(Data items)
_____

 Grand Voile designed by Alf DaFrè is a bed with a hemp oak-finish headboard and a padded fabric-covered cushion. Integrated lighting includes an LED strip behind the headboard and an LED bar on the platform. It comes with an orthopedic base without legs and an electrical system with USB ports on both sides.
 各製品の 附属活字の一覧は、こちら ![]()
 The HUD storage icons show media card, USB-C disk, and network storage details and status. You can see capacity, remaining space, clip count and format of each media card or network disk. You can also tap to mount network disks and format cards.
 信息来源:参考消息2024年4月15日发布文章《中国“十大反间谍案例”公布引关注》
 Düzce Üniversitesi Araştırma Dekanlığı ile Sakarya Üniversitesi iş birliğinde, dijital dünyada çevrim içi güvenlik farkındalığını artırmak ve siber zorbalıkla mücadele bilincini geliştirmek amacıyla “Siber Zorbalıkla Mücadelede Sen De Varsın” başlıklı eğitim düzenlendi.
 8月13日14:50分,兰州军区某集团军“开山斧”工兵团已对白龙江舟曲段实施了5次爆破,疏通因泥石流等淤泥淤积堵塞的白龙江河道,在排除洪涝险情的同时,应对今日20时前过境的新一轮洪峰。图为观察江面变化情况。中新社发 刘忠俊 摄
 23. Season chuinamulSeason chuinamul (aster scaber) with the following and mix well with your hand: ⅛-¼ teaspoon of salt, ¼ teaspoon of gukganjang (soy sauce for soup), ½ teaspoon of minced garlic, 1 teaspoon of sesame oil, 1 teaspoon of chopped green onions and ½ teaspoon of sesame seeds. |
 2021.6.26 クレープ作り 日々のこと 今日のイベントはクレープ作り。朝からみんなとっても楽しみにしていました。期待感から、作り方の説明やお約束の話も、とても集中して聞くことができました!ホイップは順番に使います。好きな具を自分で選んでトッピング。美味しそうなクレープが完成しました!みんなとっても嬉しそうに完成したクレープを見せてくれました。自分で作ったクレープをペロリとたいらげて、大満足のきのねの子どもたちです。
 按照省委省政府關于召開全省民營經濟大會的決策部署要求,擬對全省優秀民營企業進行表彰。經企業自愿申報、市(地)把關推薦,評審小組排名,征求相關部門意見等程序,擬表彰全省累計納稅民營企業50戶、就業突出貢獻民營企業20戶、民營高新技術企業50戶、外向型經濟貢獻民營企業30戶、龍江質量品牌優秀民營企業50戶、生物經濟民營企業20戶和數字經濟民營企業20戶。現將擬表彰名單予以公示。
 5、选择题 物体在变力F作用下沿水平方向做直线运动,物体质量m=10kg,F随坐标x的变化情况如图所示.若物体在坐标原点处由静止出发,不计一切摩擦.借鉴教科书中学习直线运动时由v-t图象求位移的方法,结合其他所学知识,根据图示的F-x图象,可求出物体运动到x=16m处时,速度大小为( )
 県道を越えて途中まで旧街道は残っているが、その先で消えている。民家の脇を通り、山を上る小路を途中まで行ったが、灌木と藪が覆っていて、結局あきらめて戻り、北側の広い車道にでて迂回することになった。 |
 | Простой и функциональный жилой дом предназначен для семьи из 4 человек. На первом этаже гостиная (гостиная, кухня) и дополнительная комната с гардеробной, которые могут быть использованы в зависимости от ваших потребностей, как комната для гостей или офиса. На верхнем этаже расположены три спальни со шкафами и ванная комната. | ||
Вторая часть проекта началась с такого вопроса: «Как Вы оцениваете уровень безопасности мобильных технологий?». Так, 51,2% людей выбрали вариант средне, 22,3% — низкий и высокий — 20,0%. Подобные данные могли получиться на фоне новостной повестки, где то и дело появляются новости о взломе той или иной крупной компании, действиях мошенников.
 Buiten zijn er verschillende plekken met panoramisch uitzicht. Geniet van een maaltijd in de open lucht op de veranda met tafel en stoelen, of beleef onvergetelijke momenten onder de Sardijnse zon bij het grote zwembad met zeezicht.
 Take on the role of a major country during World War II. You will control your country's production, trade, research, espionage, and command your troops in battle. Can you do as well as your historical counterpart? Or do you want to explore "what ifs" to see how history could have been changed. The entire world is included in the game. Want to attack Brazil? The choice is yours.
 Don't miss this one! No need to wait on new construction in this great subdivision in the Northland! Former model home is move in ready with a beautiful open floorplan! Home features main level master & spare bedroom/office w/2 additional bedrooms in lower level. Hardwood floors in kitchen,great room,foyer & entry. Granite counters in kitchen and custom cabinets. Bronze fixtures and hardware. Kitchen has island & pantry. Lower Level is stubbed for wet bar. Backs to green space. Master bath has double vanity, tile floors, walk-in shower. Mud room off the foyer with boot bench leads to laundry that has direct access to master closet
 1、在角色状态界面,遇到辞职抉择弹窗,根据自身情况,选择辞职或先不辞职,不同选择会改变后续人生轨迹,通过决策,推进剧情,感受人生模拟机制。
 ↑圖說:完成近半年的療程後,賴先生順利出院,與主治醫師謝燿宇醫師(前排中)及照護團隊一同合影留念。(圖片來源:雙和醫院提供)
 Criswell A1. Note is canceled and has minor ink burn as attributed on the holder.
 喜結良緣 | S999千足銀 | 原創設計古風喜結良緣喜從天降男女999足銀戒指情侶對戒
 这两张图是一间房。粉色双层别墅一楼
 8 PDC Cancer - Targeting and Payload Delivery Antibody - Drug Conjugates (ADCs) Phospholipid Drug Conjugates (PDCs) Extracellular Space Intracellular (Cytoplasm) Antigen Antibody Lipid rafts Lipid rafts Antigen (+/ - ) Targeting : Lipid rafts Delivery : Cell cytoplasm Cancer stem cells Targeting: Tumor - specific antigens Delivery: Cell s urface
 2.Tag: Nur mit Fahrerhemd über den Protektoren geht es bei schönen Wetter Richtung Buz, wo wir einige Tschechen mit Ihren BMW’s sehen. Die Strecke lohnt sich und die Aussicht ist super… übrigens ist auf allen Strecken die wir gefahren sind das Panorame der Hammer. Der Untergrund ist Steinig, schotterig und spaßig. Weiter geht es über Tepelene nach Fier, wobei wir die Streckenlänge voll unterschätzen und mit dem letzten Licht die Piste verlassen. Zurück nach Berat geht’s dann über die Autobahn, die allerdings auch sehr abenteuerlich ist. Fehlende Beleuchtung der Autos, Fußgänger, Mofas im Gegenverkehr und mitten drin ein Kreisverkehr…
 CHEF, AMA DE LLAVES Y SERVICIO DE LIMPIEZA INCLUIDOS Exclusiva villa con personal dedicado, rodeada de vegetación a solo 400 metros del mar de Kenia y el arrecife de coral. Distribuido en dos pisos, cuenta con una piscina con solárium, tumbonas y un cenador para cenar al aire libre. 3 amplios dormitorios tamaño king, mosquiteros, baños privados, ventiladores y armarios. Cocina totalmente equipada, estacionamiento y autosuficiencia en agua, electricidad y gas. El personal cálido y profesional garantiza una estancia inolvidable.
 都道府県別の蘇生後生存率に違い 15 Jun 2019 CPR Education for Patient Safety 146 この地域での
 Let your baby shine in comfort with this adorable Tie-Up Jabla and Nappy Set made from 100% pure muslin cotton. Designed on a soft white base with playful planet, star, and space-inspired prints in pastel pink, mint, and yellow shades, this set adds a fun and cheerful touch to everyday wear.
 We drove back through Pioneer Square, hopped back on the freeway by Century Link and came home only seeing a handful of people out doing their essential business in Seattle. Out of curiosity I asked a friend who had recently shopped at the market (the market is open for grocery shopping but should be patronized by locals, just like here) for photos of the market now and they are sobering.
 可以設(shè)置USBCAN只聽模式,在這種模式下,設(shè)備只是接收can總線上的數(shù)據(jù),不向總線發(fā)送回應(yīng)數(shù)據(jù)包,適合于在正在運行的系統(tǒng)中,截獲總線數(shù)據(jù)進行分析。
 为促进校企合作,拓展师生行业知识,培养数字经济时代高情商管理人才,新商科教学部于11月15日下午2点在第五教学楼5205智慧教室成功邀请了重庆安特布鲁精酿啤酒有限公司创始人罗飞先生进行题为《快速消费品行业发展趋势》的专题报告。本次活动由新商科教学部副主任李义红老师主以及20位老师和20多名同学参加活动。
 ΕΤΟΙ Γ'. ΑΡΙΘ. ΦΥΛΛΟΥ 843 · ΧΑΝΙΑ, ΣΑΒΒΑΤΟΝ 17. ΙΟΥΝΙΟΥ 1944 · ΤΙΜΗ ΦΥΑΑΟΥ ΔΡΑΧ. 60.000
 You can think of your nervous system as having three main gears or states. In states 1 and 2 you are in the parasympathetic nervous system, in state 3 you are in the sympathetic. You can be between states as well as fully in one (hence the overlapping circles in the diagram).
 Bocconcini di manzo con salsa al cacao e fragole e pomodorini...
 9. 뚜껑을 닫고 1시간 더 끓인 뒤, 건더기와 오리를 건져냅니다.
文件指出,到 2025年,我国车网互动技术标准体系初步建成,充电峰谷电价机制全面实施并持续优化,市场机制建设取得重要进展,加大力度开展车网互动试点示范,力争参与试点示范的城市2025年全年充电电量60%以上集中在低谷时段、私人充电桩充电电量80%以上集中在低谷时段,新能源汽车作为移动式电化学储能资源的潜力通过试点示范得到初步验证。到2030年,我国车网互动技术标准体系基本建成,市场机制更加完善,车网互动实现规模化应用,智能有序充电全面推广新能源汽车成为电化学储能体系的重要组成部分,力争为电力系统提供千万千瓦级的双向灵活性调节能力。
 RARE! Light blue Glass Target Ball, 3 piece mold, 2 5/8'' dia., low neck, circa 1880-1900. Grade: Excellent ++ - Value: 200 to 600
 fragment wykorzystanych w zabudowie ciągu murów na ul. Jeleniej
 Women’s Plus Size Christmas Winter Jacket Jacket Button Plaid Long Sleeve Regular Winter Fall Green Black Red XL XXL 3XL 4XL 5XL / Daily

_____

What do the lines from the one with "ΕΤΟΙ Γ'. ΑΡΙΘ." through the last line of the entries say? Print them word for word, both ends included, and nothing else.

 ΕΤΟΙ Γ'. ΑΡΙΘ. ΦΥΛΛΟΥ 843 · ΧΑΝΙΑ, ΣΑΒΒΑΤΟΝ 17. ΙΟΥΝΙΟΥ 1944 · ΤΙΜΗ ΦΥΑΑΟΥ ΔΡΑΧ. 60.000
 You can think of your nervous system as having three main gears or states. In states 1 and 2 you are in the parasympathetic nervous system, in state 3 you are in the sympathetic. You can be between states as well as fully in one (hence the overlapping circles in the diagram).
 Bocconcini di manzo con salsa al cacao e fragole e pomodorini...
 9. 뚜껑을 닫고 1시간 더 끓인 뒤, 건더기와 오리를 건져냅니다.
文件指出,到 2025年,我国车网互动技术标准体系初步建成,充电峰谷电价机制全面实施并持续优化,市场机制建设取得重要进展,加大力度开展车网互动试点示范,力争参与试点示范的城市2025年全年充电电量60%以上集中在低谷时段、私人充电桩充电电量80%以上集中在低谷时段,新能源汽车作为移动式电化学储能资源的潜力通过试点示范得到初步验证。到2030年,我国车网互动技术标准体系基本建成,市场机制更加完善,车网互动实现规模化应用,智能有序充电全面推广新能源汽车成为电化学储能体系的重要组成部分,力争为电力系统提供千万千瓦级的双向灵活性调节能力。
 RARE! Light blue Glass Target Ball, 3 piece mold, 2 5/8'' dia., low neck, circa 1880-1900. Grade: Excellent ++ - Value: 200 to 600
 fragment wykorzystanych w zabudowie ciągu murów na ul. Jeleniej
 Women’s Plus Size Christmas Winter Jacket Jacket Button Plaid Long Sleeve Regular Winter Fall Green Black Red XL XXL 3XL 4XL 5XL / Daily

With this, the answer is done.